» **TASK ITEM**
Among the records below, find the line with "73569611 Aschau Chiemgau" and the line with "This image is". Set down both and every line between, exactly and with no pictures, but nothing else.

» **RECORDS SHOWN**
+--
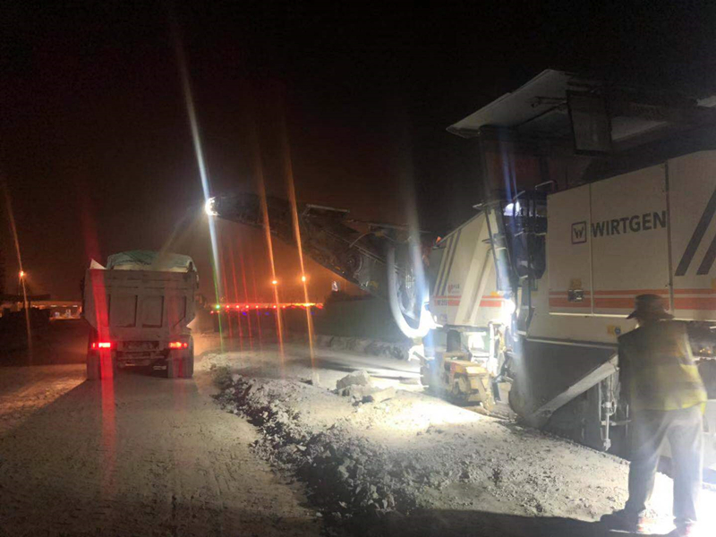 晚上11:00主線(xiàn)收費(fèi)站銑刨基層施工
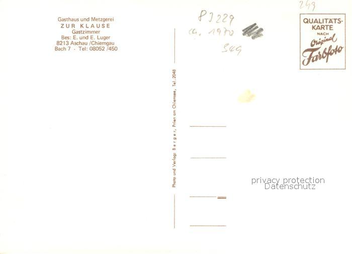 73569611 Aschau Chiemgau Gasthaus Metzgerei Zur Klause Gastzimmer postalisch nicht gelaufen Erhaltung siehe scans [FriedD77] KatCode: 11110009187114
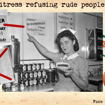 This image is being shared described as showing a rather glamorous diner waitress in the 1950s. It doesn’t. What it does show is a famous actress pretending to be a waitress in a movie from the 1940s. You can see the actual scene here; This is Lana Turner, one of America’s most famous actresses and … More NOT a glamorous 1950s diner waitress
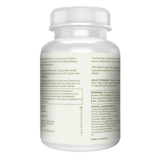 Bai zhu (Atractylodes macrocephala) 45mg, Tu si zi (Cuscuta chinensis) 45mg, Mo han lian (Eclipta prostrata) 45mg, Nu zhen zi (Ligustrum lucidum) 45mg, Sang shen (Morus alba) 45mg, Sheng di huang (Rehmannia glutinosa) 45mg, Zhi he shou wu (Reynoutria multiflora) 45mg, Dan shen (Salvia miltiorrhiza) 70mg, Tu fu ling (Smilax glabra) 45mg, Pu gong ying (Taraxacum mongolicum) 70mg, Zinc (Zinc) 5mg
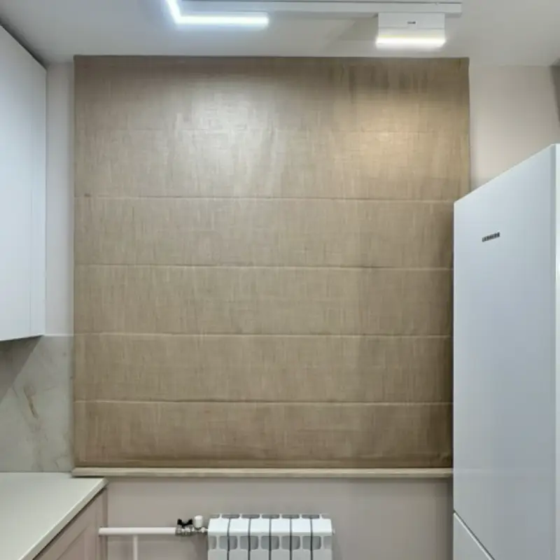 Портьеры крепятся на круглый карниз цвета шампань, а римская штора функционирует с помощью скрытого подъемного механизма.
+--
» **OUTPUT BELOW**
 73569611 Aschau Chiemgau Gasthaus Metzgerei Zur Klause Gastzimmer postalisch nicht gelaufen Erhaltung siehe scans [FriedD77] KatCode: 11110009187114
 This image is being shared described as showing a rather glamorous diner waitress in the 1950s. It doesn’t. What it does show is a famous actress pretending to be a waitress in a movie from the 1940s. You can see the actual scene here; This is Lana Turner, one of America’s most famous actresses and … More NOT a glamorous 1950s diner waitress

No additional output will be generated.